The point is you, a friend, or an uber skilled writing consultant from the UB Writing Center* (with an appointment, please an thanks) should read your paper. Writers can usually resolve mistakes easily if brought to they attention. READ ALOUD.

*Small print: Please be advised writing consultants’ primary concerns are not just your mistakes… or errors for that matter; writing consultations are discussion-based and collaborative, and they can occur at any stage of the writing process.

Errors, on the other hand, may require some work.  They can be either global or local. Burt (1975) cited by Park (2010) was like:

“Global errors …hinder communication [an] affect overall organization of the sentence such as wrong word order, missing, wrong or misplaced sentence connectors[,while] local errors do not usually hinder communication and affect single elements in a sentence such as error in noun and verb inflections, articles, and auxiliaries” (UK Essays, 2013, para 7).

As long as we remember “writing is a process,” there will always be room to practice resolving both global an local errors. We won’t catch all our errors all the time. Errors be tricky like that.
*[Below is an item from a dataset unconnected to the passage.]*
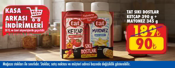 50 TL ve üzeri alışverişinize Tat Sıkı Dostlar 390g Ketçap & 345g Mayonez 90.00 TL!

Hooks (2011) be sayin, “There is much evidence [substantiatin] the reality that race [an] class identity creates difference in the quality of…[writin…] that take precedence over the common experience that marginalized groups share–differences which are rarely transcended” (p. 62; as cited by Brandhi, 2011, p. 43).

How an where you learn English will determine the errors an mistakes made. Les not forget this whole idea of errors an mistakes feeds into a bigger institutional system, guarded by institutional gatekeepers wit a vested interest in keepin SAE “standard.”

Hopefully y’all gotta writing center at your college that is pushing for institutional change to embrace ALL our errors an mistakes, making room for more ‘non-standard’ rhetorical choices.

**More small print: What you read as either errors or mistakes in this post are, in fact, thoughtfully considered rhetorical choices.


Brandhi, M. (2011). Radicalizing feminist theory with Marx and Buddha.  Dialogue 54(1) pp. 42-49.

Essays, UK. (November 2013). The Errors Vs Mistakes English Language Essay.

Garcia, Romeo. (2017). “Unmaking Gringo Centers.” The Writing Center Journal. 36.1 pp. 29-60.

Krichevsky, J. (2015). Review of the book Other People’s English: code-meshing, code-switching, and African American literacy, by V.A. Young. Composition Studies 43(2) p. 234-237.

Wyatt, C.S. (2017). Introduction to rhetoric. Tamari Guide for Writers.